Poems in Red Notebook
First (typed) collection
Letter to Isobel Hodgson
Seafoam and Firelight
Letters to Mary Field
Second (typed) collection
Harriet Cohen and the Princess's Rose Garden
Elsa Sobrino
Verses - third typed collection
Love Poems of a Musician
A Dublin Ballad and Other Poems
Memoir 'The Two Brothers' (Francis Colmer)

There are two indices. The first keys the poems by title (it is notable that Bax gave titles to all the poems here). The second is a general index to people, works, places and events. This will be valuable to Bax enthusiasts and scholars.

There are some 280 poems collected together for the first time. It is not the first collection. For that we need to go back to a classically slim volume from Thames in which 90 or so of the poems were published under the editorship of Lewis Foreman. Each poem in Ideala is carefully footnoted to explain obscure references. Alternative versions are also recorded with variorum diligence.

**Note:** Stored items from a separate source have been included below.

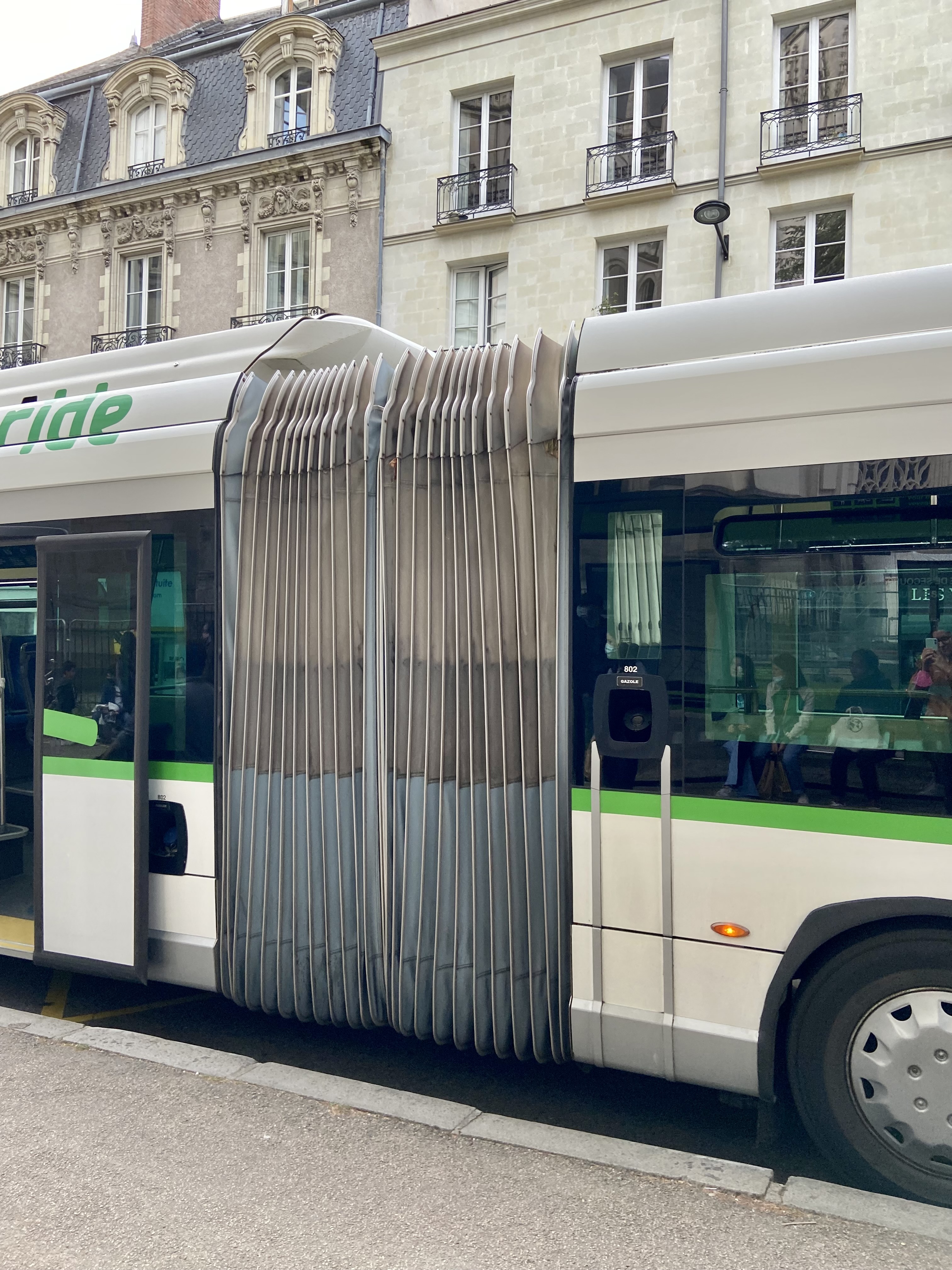 The public transportation system in Nantes is run by a company called “Tan”. The system offers transportation around the city via bus, tram, and even boat to traverse the Loire River that runs through Nantes. The most interesting part of Tan’s modes of transportation to me is the structure of the buses, which is unlike anything I have ever seen. A Tan bus has a segment of malleable pleating on either side of the vehicle, which allows the bus to fold and maneuver tight turns. It seems to me that these buses have been created with a goal of coexistence between old, narrow French roads and modern, spacious public transportation. It is a rather intelligent and logical solution to this dilemma in my opinion. Perhaps it is a small design detail to some, but it certainly had my jaw dropping when I took my first ride on a Tan bus.
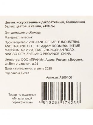 Цветок искусственный декоративный Композиция белых цветов, в кашпо, 24х8 см, A300100
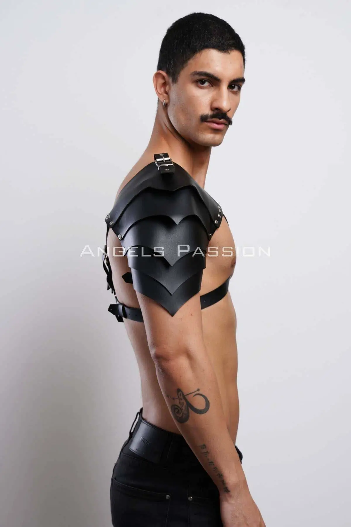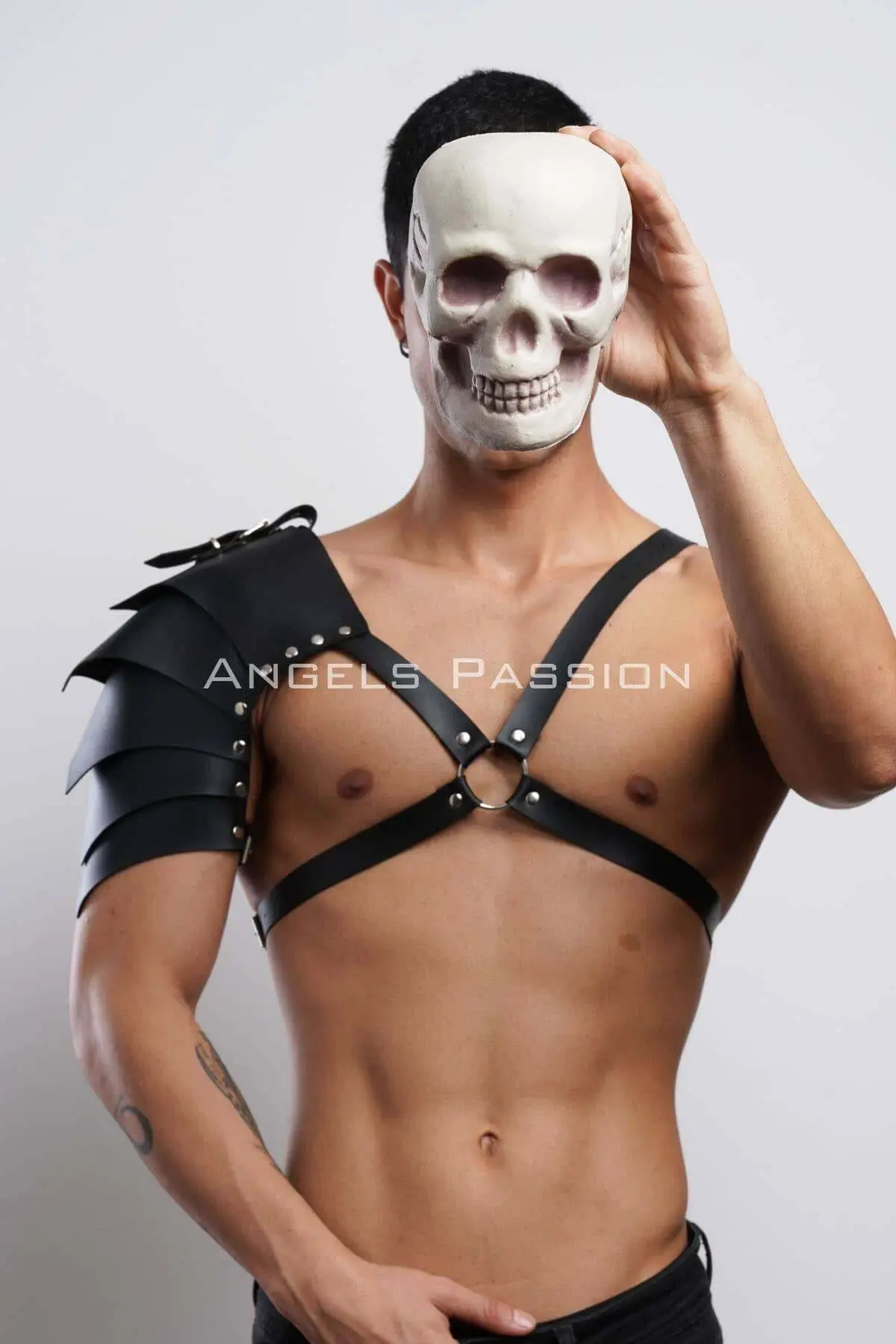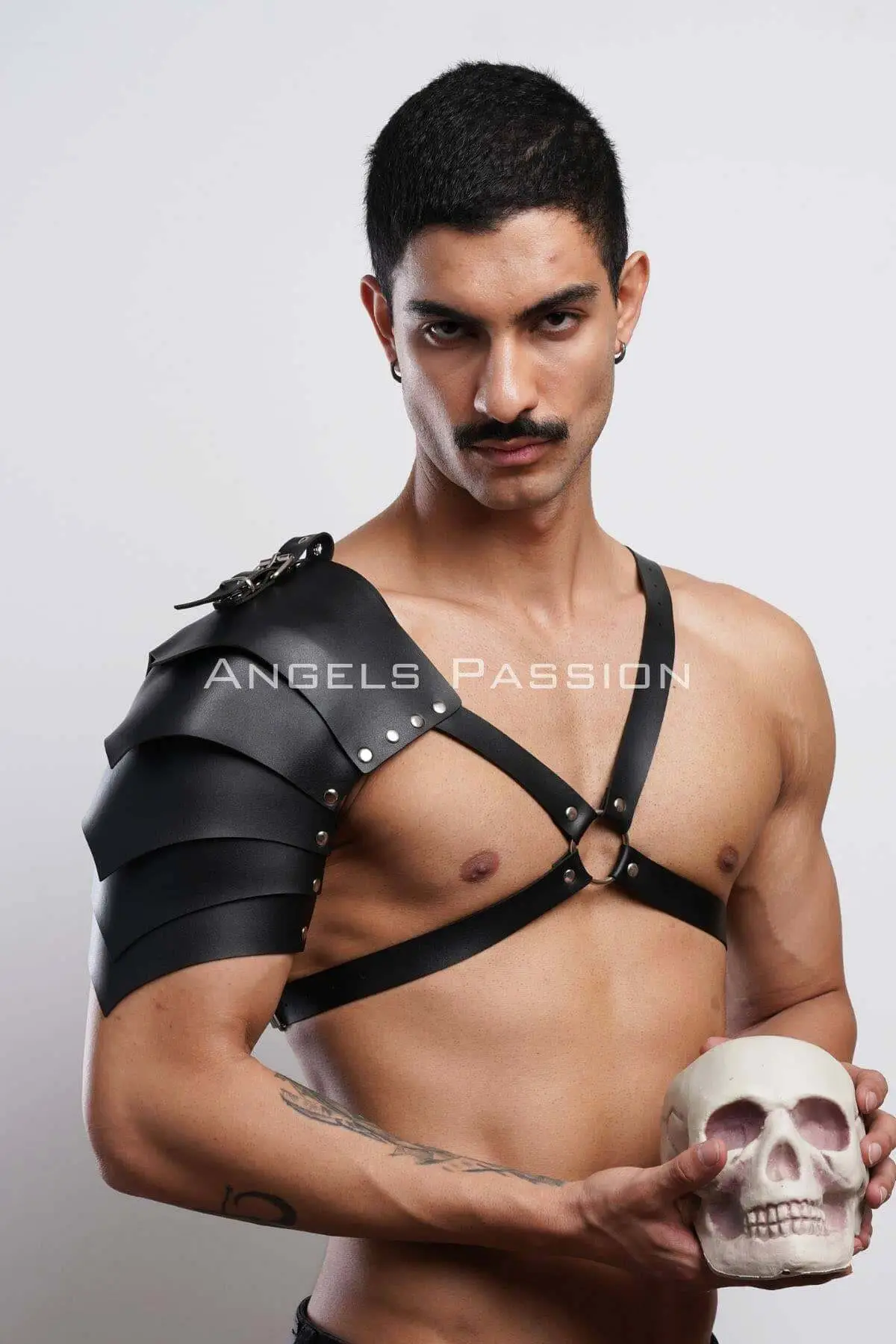 Siyah Deri Tek Omuz Katmanlı Gladyatör Erkek Harness SHM154
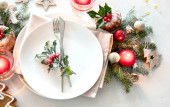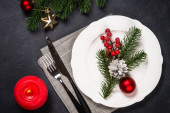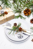 Świąteczna Boże Narodzenie i nowy rok tabela ustawienia w stylu skandynawskim z naturalnym wystrój. Jadalnia miejsce ozdobione jodły zielone drzewo branche i sosna szyszki. Dekoracje swiateczne. Widok z góry.
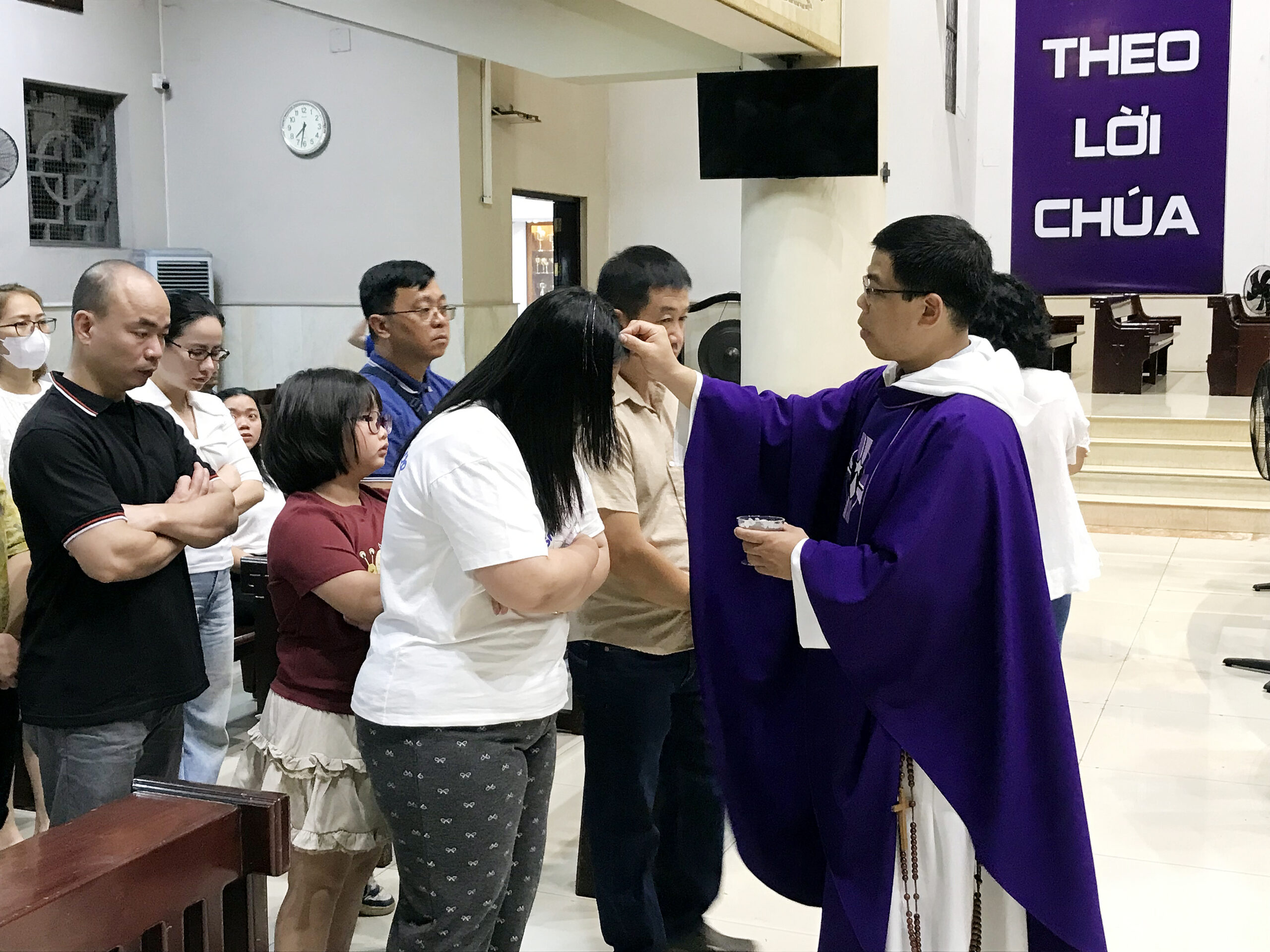 Trong phần chia sẻ lời Chúa, cha Gioan gợi mở cùng cộng đoàn những tiện ích, thông tin chỉ nằm gọn trong chiếc điện thoại. Điều đó khiến chúng ta rơi vào trạng thái ảo tưởng có thể kiểm soát mọi thứ, thậm chí “tự cứu độ” mình. Thế giới hiện nay đã quá đề cao về hình ảnh, sự thành công thì ngày hôm nay, Hội Thánh mời gọi chúng ta bước vào Mùa Chay bằng nghi thức xức Tro, nghi thức này nhắc nhở chúng ta rằng con người được tạo nên từ bụi đất, rồi mai này cũng trở về bụi đất mà thôi, sâu xa ý nghĩa của việc xức Tro thức tỉnh chúng ta về thân phận thụ tạo hữu hạn.
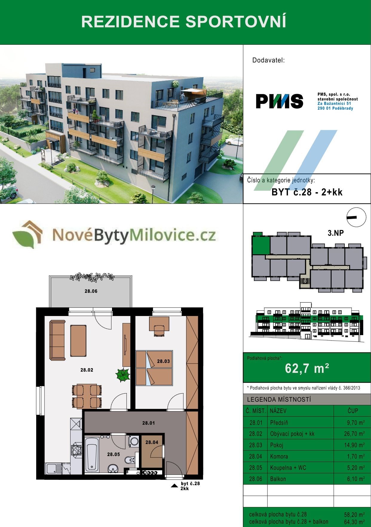 Dobrý den, Dovolte mi představit jeden ze 44 krásných bytů v nově vznikajícím projektu Rezidence Sportovní v Milovicích. Výstavba nyní započala a realizuje ji společnost s dlouholetou tradicí a praxí v oboru, firma PMS Poděbrady. Nabízený byt 2+kk č.28 potěší balkonem 6,1 m², ideálním na ranní kávu či bylinkový truhlík. Obývací pokoj je přímo propojen s kuchyní i jídelnou, takže celý prostor působí vzdušně a pohodlně. V bytě je praktická technická komora, nebo ji můžete využít jako šatnu, to záleží na Vás. Dále prostorná ložnice a také koupelna s vanou a toaletou. Podlahové vytápění se stará o příjemné teplo a více místa bez radiátorů. Samozřejmostí je příprava na předokenní žaluzie. Kolaudace: květen 2027 (předání v létě 2027). Standardy projektu • Každý byt má balkon, terasu nebo předzahrádku • Podlahové topení v celém bytě • Technická komora v každé jednotce • Příprava na předokenní žaluzie • Výtah v domě • Centrální plynová kotelna, která vytápí celý dům a ohřívá vodu • Klientské změny: možnost výběru dekorů vinylových podlah, obkladů a dlažeb, interiérových dveří, výměna vany za sprchu apod. Parkování a sklepy (volitelné dokoupení) • Venkovní parkovací stání: 130 000 Kč • Vnitřní parkovací stání: 250 000 Kč • Vnitřní parkovací stání se sklepem: 300 000 Kč • Samostatný sklep: 90 000 Kč Lokalita Projekt vzniká v Milovicích – klidné lokalitě s výbornou dostupností a veškerou občanskou vybaveností. Více informací o projektu a volných jednotkách najdete na rezidencesportovni cz. Součástí naší nabídky je kompletní servis – právní služby a zajištění všech potřebných dokumentů, pomoc se zajištěním nejvýhodnějšího financování, pojištění nemovitosti i domácnosti. Pro více informací, nebo schůzku se na mě neváhejte obrátit.
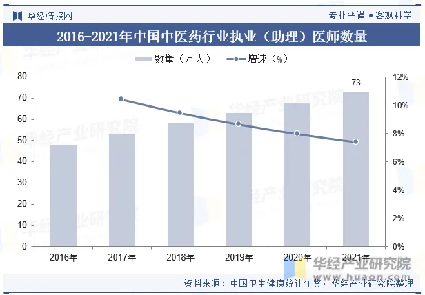 强化中医药人才培养是推进中医药发展的重要一环。从2015-2020年的复合增速数据可以看出,中医药从业人员复合增速较执业(助理)医师增速高出1.3%,而在中医药人员增速主要系中医类执业(助理)医师贡献力量,其15-20年复合增长达8.6%,高于执业(助理)医师复合增速(6.1%),数量从2010年的29.4万人上升到2021年的73.2万人。随着国家推动中医医疗机构的配置,中医药人才有望呈现加速增长态势,为行业新增中医医疗机构提供劳动力资源。
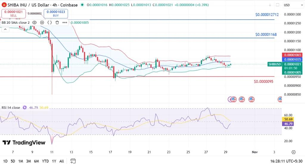 SHIB虽从0.00001002美元低点反弹,但未能突破0.00001041美元阻力区。
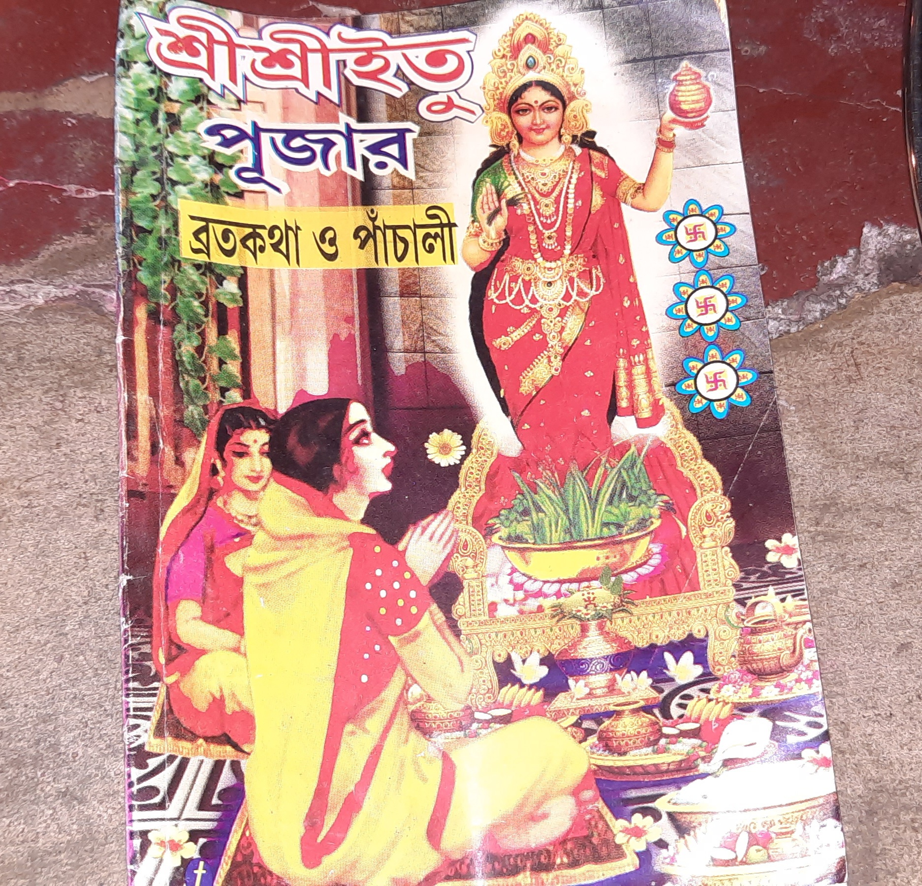 আমি এই গুলো সাজাতে সাজাতে মা স্নান করে চলে এলো।তারপরে দুজনে হাতে ফুল নিলাম।আমি ব্রতকথার বইটা ভালো করে পড়লাম,আর মা পাশে বসে শুনলো।
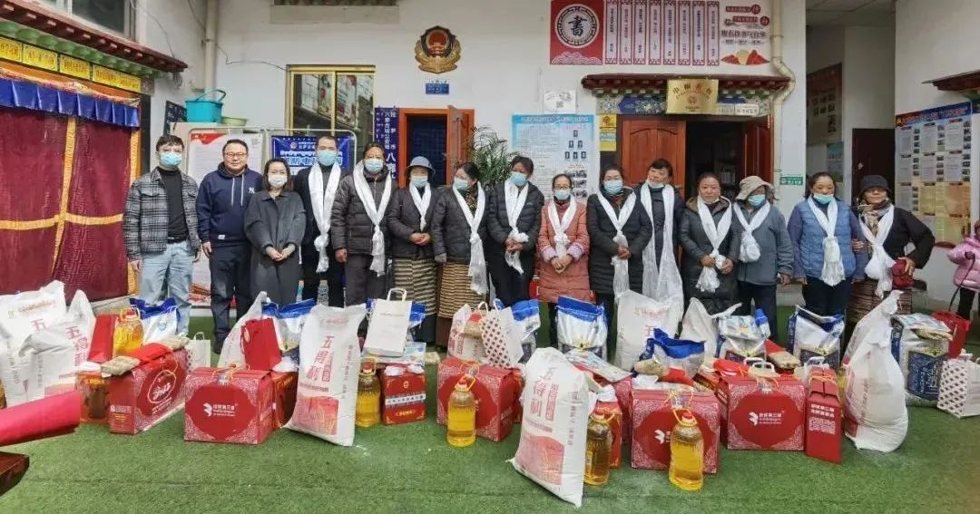 在藏历水虎年新年来临之际,在拉萨市城关区北京援藏领导的支持下,西藏校友会联合西藏北京商会、西藏地球第三极产业发展有限公司等为社区困难群众送上节日的祝福,献上吉祥的哈达,捐赠大米、面粉、食用油、牛肉、面包、砖茶、保温杯、酥油茶壶、新年文创等慰问品,总价值近五万元。

The book lacks a dust jacket and this may be a material drawback in years to come especially if heavily used. It is very solidly case bound in bleached cream boards inlaid with gold stamped titling and using rondel designs from an early edition of Swinburne's 'Atalanta in Calydon' (itself a poem set as a symphony for voices alone by Bax's yet more neglected contemporary, Granville Bantock).

We must not forget that the letters and poems are the product of an artist between the ages of year 1904 to 1916. Where published at all their presentation to the general public was long delayed.

There are plentiful photographs and other plates. Some of these appear for the first time including a 1920 photo of Mary Gleaves (whom Bax met in 1926). This reveals a face of witchery and an elfin bone structure. We take away some insight into what it was that drew Bax to her.

Bax's revelling in youthful amours helped him through his forties and fifties. He strove some would say rather pathetically to keep in touch with the dangerously delicious spirit that lit his privileged youth and which fed his music. When even that burned to ash his music too lost its wayward conviction, its dangerous imagery and its Hy Brasil enchantment. His last poems date from the end of the Great War written at the age of 25. By the time another 25 years had passed he had completed his Seven Symphonies and the works that followed evince hardly a sign of the flame-chased conviction that burned in his greatest music. A more ruthless verdict would draw the line not at 1945 but at 1935.

Bax's literary efforts are youthful. This was a youth to which Bax bade a regretful, anxious and not very convincing farewell. It was across these ravines, over these cliffs, touching these yielding hills, that Bax developed as a man. His youth shackled him but at the same time liberated from him music unique in the world's art. Without his infatuation with youth and without the pain of its trickling and then accelerating loss his music would have been less than it is.

Bax's verse, even his sparer style of the later years, is not for those who crave the instant gratification incited by the present day. It requires time. I wonder if it will appeal to the poetry press. I am intrigued to see how the book is received in those quarters. For Baxians and even for those who have just been caught up by a chance hearing of a Bax work this poetry, refulgent, pained, ecstatic, sensuous, will add volume, mass and dimension to the listening experience. I wonder how long it will be before these poems are used as an oration to one of Bax's works.

The poems offer evidence of Bax's psychological landscape. That evidence is probably even more valuable than his letters though possibly harder to interpret. In verse the emotional language of youth (at least of Bax's generation) is most likely to have been freed to express itself.

I do not underestimate the dedication invested in this work by the editor and the publisher. It must have been a phenomenal task and it is the fate of such dedication that it will almost certainly see other Bax poems emerging from private collections. It is intriguing to think that further poems may yet be found amongst the Harriet Cohen papers which came into the public domain last year.

This is a prominent landmark in the Bax literature and another magus-key to one window into Bax's musical legacy: a magic casement indeed.